**Given data**
- - - -

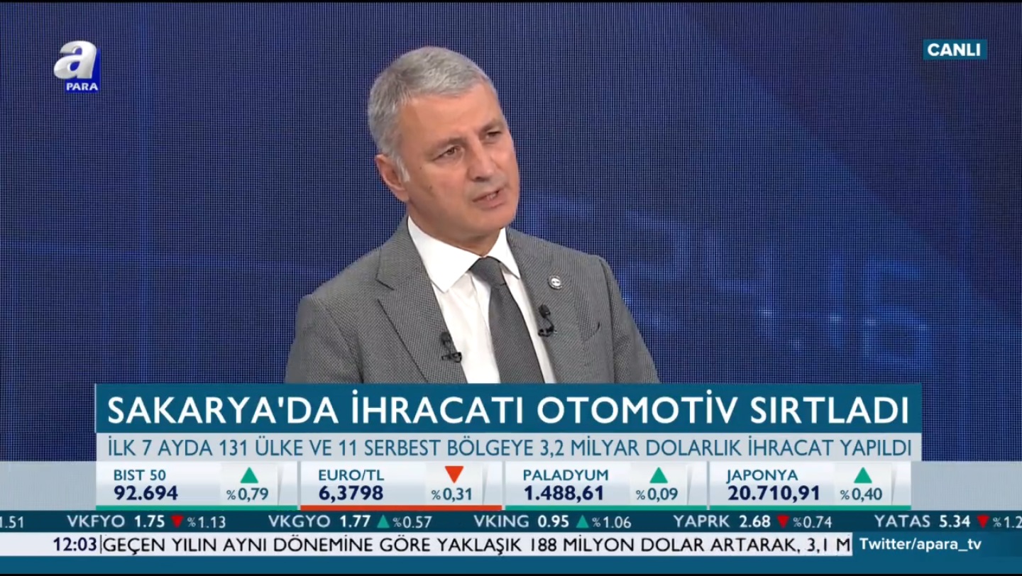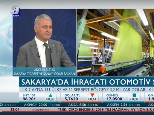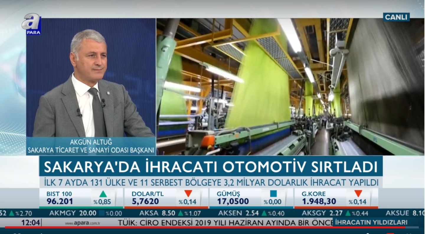 Sakarya Ticaret ve Sanayi Odası Yönetim Kurulu Başkanı A. Akgün Altuğ, Apara TV ‘İhracatın Yıldızları’ Programının konuğu oldu.
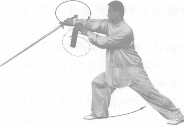 技击用法:对方进攻,我粘住对方器械略后撤,接着向 前撩击对方手腕。
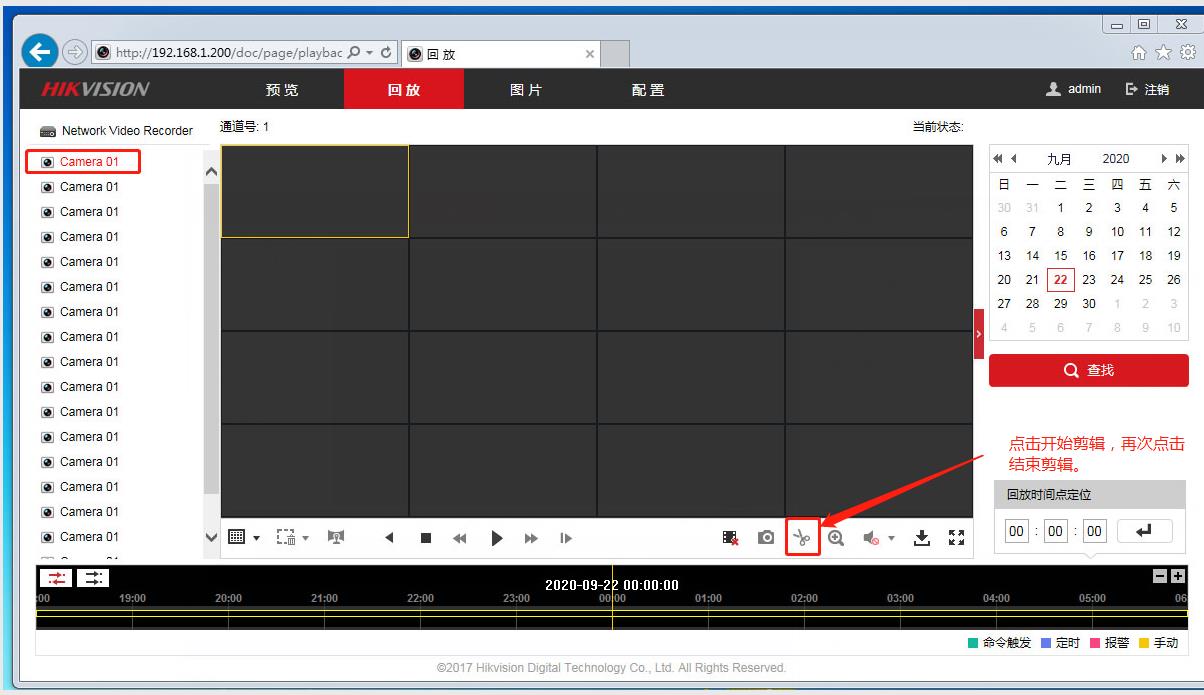 5、打開回放,如下圖左側選擇要下載錄像的通道,在右側選擇要日期和時間

- - - -

**The task**
Repeat all the material above exactly, apart from the pictures.

**Result for this task**
 Sakarya Ticaret ve Sanayi Odası Yönetim Kurulu Başkanı A. Akgün Altuğ, Apara TV ‘İhracatın Yıldızları’ Programının konuğu oldu.
 技击用法:对方进攻,我粘住对方器械略后撤,接着向 前撩击对方手腕。
 5、打開回放,如下圖左側選擇要下載錄像的通道,在右側選擇要日期和時間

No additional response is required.